“Easy, little mon,” he said leisurely, regarding the small fury before him with mournful interest. “Eh, but thee do be a little spit-cat, surely!”
James Moore stood, breathing deep, his hand still buried in Owd Bob's coat.
“If yo'd touched him,” he explained, “I couldna ha' stopped him. He'd ha' mauled yo' afore iver I could ha' had him off. They're bad to hold, the Gray Dogs, when they're roosed.”
“Ay, ma word, that they are!” corroborated Tammas, speaking from the experience of sixty years. “Once on, yo' canna get 'em off.”
The little man turned away.
“Ye're all agin me,” he said, and his voice shook. A pitiful figure he made, standing there with the water dripping from him. A red stream was running slowly from his chin; his head was bare, and face working.
James Moore stood eyeing him with some pity and some contempt. Behind was Tammas, enjoying the scene. While Sam'l regarded them all with an impassive melancholy.
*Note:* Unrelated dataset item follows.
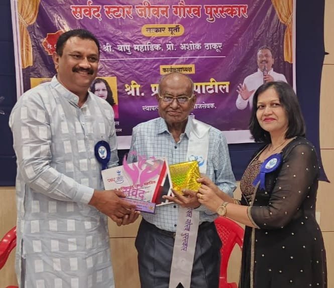 मुंबई : ज्येष्ठ पत्रकार, ठाणे जिल्हा पत्रकार संघाचे माजी सरचिटणीस आणि तरुण पालघर चे संपादक श्री सच्चिदानंद उर्फ बापू महाडिक यांना सर्वद फाउंडेशन या सामाजिक संस्थेचा जीवन गौरव पुरस्कार समारंभपूर्वक प्रदान करण्यात आला. हा सोहळा पालघर जिल्ह्यातील विसावा रिसॉर्ट, केळवे येथे नुकताच संपन्न झाला. कार्यक्रमाची सुरुवात स्वामी समर्थांच्या गीताने झाली. सुप्रसिद्ध समाजसेवक, वक्ते श्री. प्रशांत पाटील यांच्या शुभहस्ते ज्येष्ठ पत्रकार श्री. सच्चिदानंद उर्फ बापू महाडिक आणि सोनोपंत दांडेकर शिक्षण संस्थेचे विश्वस्त प्रा. अशोक ठाकूर यांना सर्वद तर्फे सन्मानपूर्वक पुरस्कार प्रदान करण्यात आला. कार्यक्रमात त्यांच्या वरील चित्रफीत दाखविण्यात आली. “दिग्गज मंडळींना पुरस्कार प्रदान करणे म्हणजे एका अर्थाने माझाच सन्मान आहे”, अशा शब्दांत कार्यक्रमाचे अध्यक्ष श्री. प्रशांत पाटील यांनी आपल्या भावना व्यक्त केल्या. तर आपल्या शब्दसंपन्न प्रास्ताविकातून सर्वद ची उद्दिष्टे, कार्यक्रमाचा हेतू संचालिका डॉ. सुचिता पाटील यांनी विषद केला. श्री. सच्चिदानंद उर्फ बापू महाडिक आणि प्रा. अशोक ठाकूर यांनी आपापल्या जीवनाची वाटचाल सांगून सर्वदला धन्यवाद दिले. मूळ केळवे गावचे रहिवासी श्री. सच्चिदानंद उर्फ बापू महाडिक यांनी पदवी प्राप्त केल्यानंतर प्रारंभी सोनोपंत दांडेकर महाविद्यालय येथे सेवा केली. नंतर सचिवालयात गृहविभागात दहा वर्षे नोकरी केली. अनेक वर्षे शिवसेना नेते, लोकसभेचे माजी सभापती डॉ. मनोहर जोशी यांचे स्वीय सचिव म्हणून काम केले. एका बाजूला हे करीत असतांनाच त्यांनी मराठी पत्रकारितेची भरीव सेवाही तरुण पालघर या साप्ताहिकाच्या माध्यमातून सुरुच ठेवली. पालघर हे ठाणे जिल्ह्यात असतांना बापूंनी ठाणे जिल्हा पत्रकार संघाचे कार्यही केले. सर्वद फौंडेशनच्या या पुरस्कार सोहोळ्याचे सूत्रसंचालन श्रीम. रुपाली राऊत यांनी केले. राष्ट्रगीताने कार्यक्रमाची सांगता झाली.*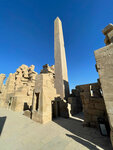 Этот обелиск средний по высоте в Карнакском храме, выстой 22 метра. Выше только обелиск Хатшепсут. Обелиск полностью сохранился с тех времен и не был украден Европейцами и вывезен. Цельный кусок гранита с высеченными иероглифами. Когда идешь от колонного зала кажется, что обелиски равные по высоте, но с другого ракурса точно видна разница в высоте.

M'Adam turned and bent over Red Wull, who still lay like a dead thing. As his master handled him, the button-tail quivered feebly; he opened his eyes, looked about him, snarled faintly, and glared with devilish hate at the gray dog and the group with him.
The little man picked him up, stroking him tenderly. Then he turned away and on to the bridge. Half-way across he stopped. It rattled feverishly beneath him, for he still trembled like a palsied man.
“Man, Moore!” he called, striving to quell the agitation in his voice—“I wad shoot yon dog.”